Anyone with even their little finger on the popular culture pulse over the past few months will have picked up the fact that the Game of Thrones final season has been littered with ‘fails’. Firstly, fans were eager to point out a whole host of plot inconsistencies. Then there was the incident of the Starbucks cup being left in shot. Now there’s the ‘sicansíos’ debacle.
Haven’t heard this one yet? Well, from a translation fail viewpoint, (and you know how much we love those), this is a doozy, so read on.
What went wrong?
In the finale of Season 8 – yes, we mean the last episode of Game of Thrones EVER – fans in Spanish speaking countries noticed a rather strange piece of dialogue. During a battle scene, Liam Cunningham, playing Davos Seaworth, says “she can’t see us”. He says it in a Geordie accent, despite being Irish, as that’s how his character speaks.
So far so normal. Now, the problem occurred when the Spanish translation experts got hold of the tape and started to work their questionable magic on it. Instead of translating ‘she can’t see us’ into the correct Spanish, which would have been ‘no puede vernos’, they failed to recognise the phrase as English at all and simply translated the phrase phonetically to ‘sicansíos’. Why? No one really knows.
Could it be that the translators were so blindsided by the fact that the final episode was, in many viewers’ opinion, a bit rubbish?
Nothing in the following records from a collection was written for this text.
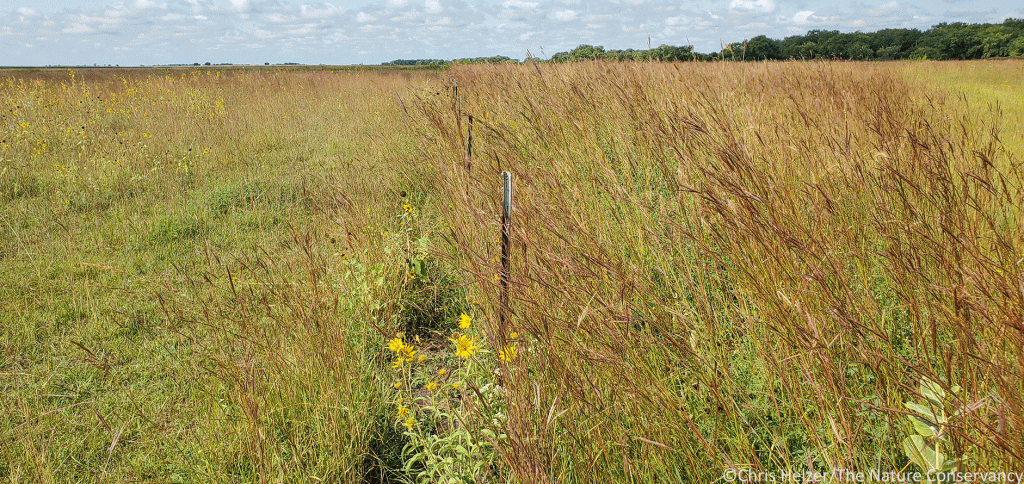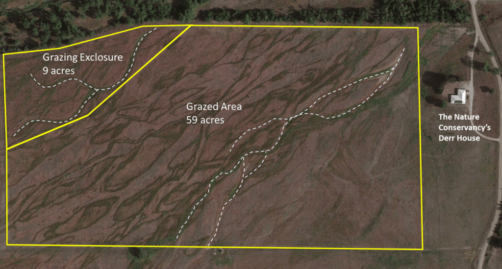 The 9 acre grazing exclosure from the air in 2021. You can tell from the orange-color that there’s a lot higher density of flowering big bluestem and Indiangrass in the exclosure than in the surrounding grazed area, which was burned in the spring and in the midst of intense grazing when this photo was taken.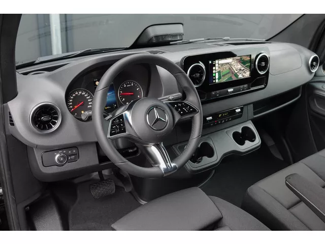 LET OP: De getoonde treeplanken hebben een meerprijs van: € 695,- De 19” Lichtmetalen velgen zijn wel bij de prijs inbegrepen. • Hoog dak (L2H2). • Stoel-Bank, 3-persoons. • 19’’ Lichtmetalen velgen, zwart. • MBUX multimediasysteem 10,25 inch touchscreen. • Navigatie via Apple Carplay of Android Auto. • Apps: Google Maps, Kaarten, WhatsApp, Spotify, enz. • Radio ontvangst digitaal (DAB). • Instrumentenpaneel met kleurenscherm. • Vaste trekhaak. • Cruise Control. • Achteruitrijcamera. • Parkeerpakket (parkeersensoren voor en achter). • Schuifdeur laadruimte, Rechts met dichtrekhulp. • Houten laadruimtevloer. • LED koplampverlichting met LED dagrijverlichting. • LED achterlichten. • Zijmakeringverlichting. • Multifunctioneel lederen stuurwiel met touch bediening en schakelflippers. • Automatische Airconditioning ‘Thermotronic’. • Rijassistentsysteem: Dodehoek assistant. • Rijassistentsysteem: Zijwind assistent. • Rijassistentsysteem: Spoor assistent. • Rijassistentsysteem: Actieve...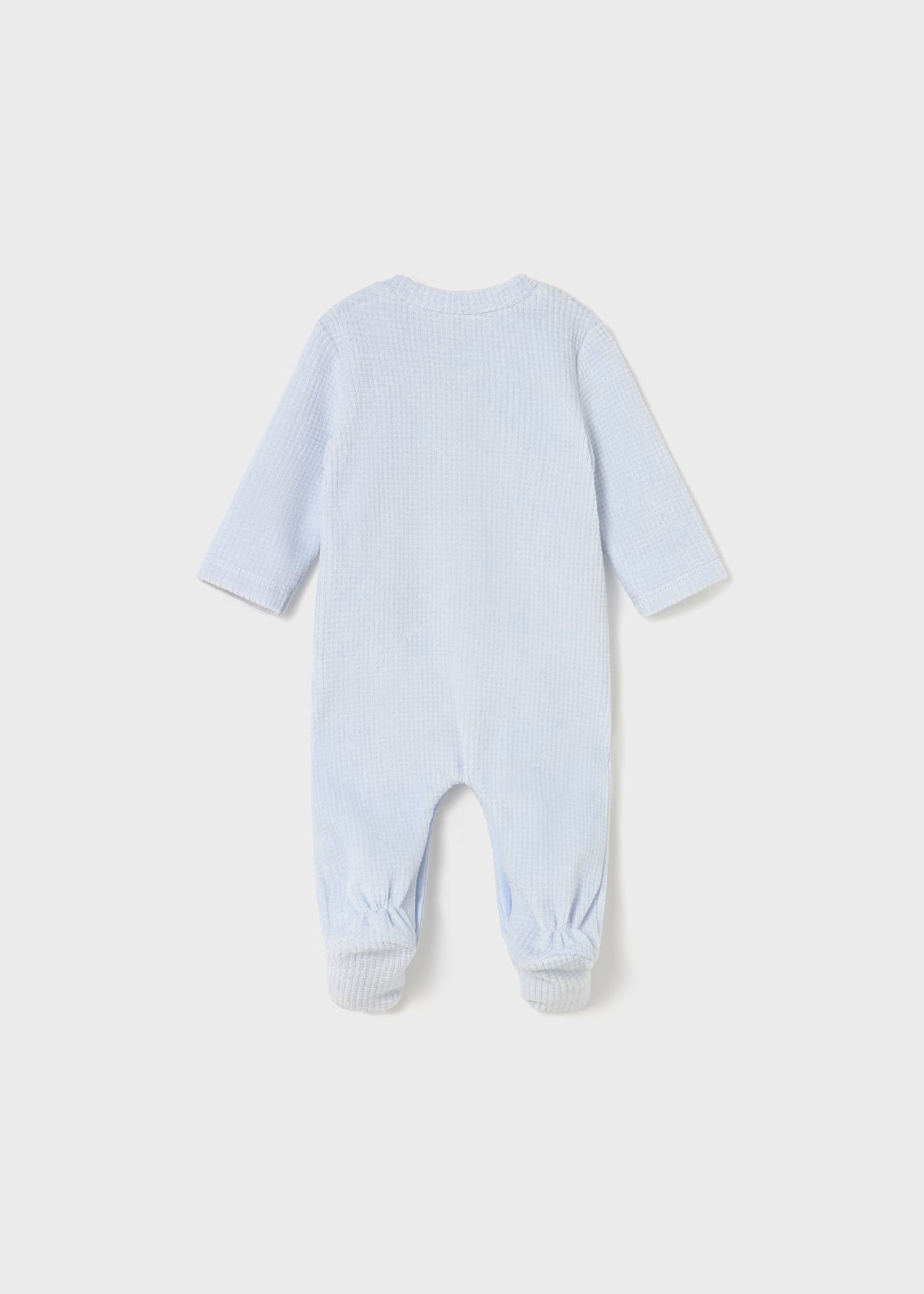 This Cloud Blue Bunny Velour Footie is a snug, long-sleeve romper perfect for your little one. It showcases an adorable brown, fuzzy bunny wearing a blue sweater applique on the chest. With a soft, round neckline and handy snap buttons along the front and crotch, diaper changes are a breeze. Crafted from plush velour cotton, it keeps your baby cozy all day long. The larger sizes (12 and 18 months) include grippy soles to help toddlers stay steady on their feet. Delightful, embroidered details make this outfit extra special and fun!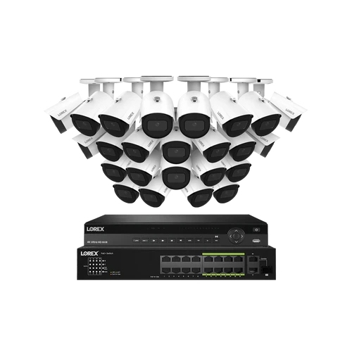 Lorex, NP4K8-3224WB-1, Elite Series White 4K 8TB Wired NVR System with 24 x A14 IP Bullet Cameras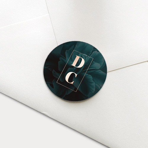 Ronde luxe sluitsticker envelop met bloem en initialen
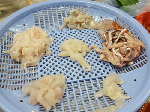 소쿠리에 담긴 잡어회 너무 담백해 보입니다. | ||

Could it be that they were so thrown by the Geordie accent that they decided to make up a weird Spanish-sounding word and hope their audience didn’t notice? Did they think the dialogue was a random piece of Valyrian thrown in by Cunningham to keep the rest of the cast on their toes?
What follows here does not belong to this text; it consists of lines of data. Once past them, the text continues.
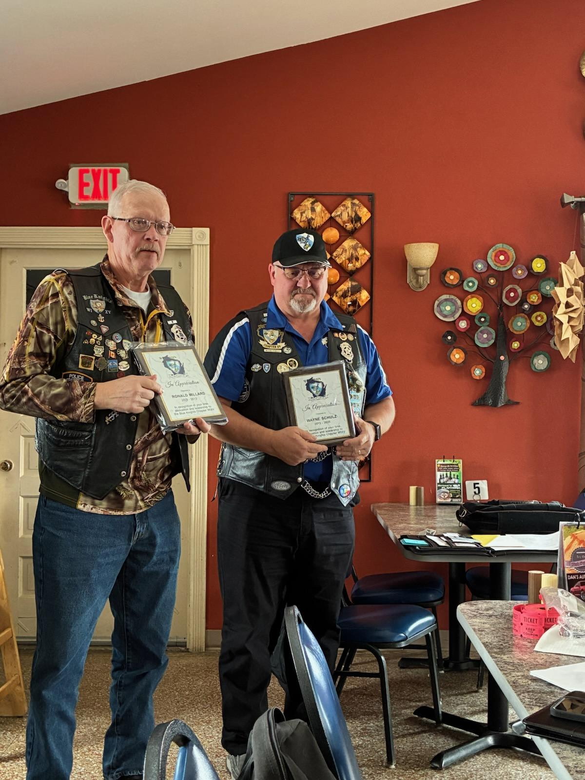 Past Presidents Ron Millard (2009-2013) and Wayne Schutz (2014-2025) receiving their plaques of appreciation for service to the Blue Knights Chapter XV.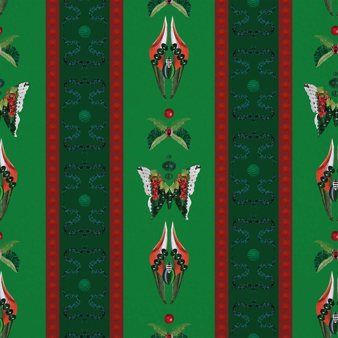 Bugs Lines Jade draws inspiration from ancient symbolism and baroque opulence, reimagined through the contemporary sensibility of a narrative, graphic, and highly expressive design.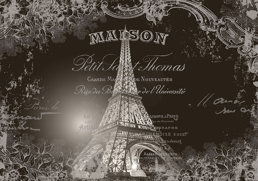 Something for France, and the famous Tour Eiffel, lovers ... Paris on a wallpaper. 4-pieces non-woven mural wallpaper.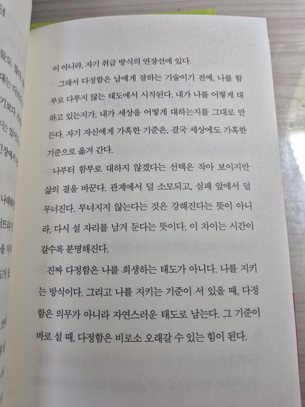 특히 다양한 사례와 이야기를 통해 삶에 대해 표현하고 있는 점이나 나이가 든다는 의미가 무엇이며, 나에 대한 이해나 관리의 중요성, 낮아진 자존감의 회복 방식이나 어려운 인간관계의 경우 어떤 형태로 배우며 새롭게, 혹은 주도적인 관리, 대응 등이 필요한지도 책을 통해 접하며 생각해 볼 수 있는 부분이다. 이는 누구에게나 해당 되는 중요한 부분이지만 이를 현실에서 적용할 경우 서로 다른 방식과 반응, 입장 차이 등이 존재하는 예민한 부분이기도 해서 더 어렵고 복잡하게 느껴지는 것도 사실이다.

The truth is that only the Spanish translation team working on the project know what really happened. We think it’s probably a combination of factors. Firstly, the episode producers were so freaked out by the thought of it being leaked ahead of scheduled broadcast that they kept the final cut back until the very latest moment. This gave translation teams around the world very little time to work on the episode and do a good job of the translation.
Then there’s the fact that the makers of Game of Thrones love nothing more than adding a smattering of conlangs (constructed languages) into the mix when writing their scripts. There are several that pop up here and there, each of which needs to be well grammatically thought-out and used consistently. We’re sure the team responsible know all too well that GoT fans won’t let a syntax error pass them by without a full-on chatroom meltdown.
Then we come to what is perhaps the crux of the matter: the accent. Regional accents in any language are more difficult to recognise and translate than words uttered in more standard accents. Mistakes like ‘sicansíos’ demonstrate that translation fails can happen even when the stakes are extremely high.
It’s a tough job to get language translation services right every time, but we certainly do our best!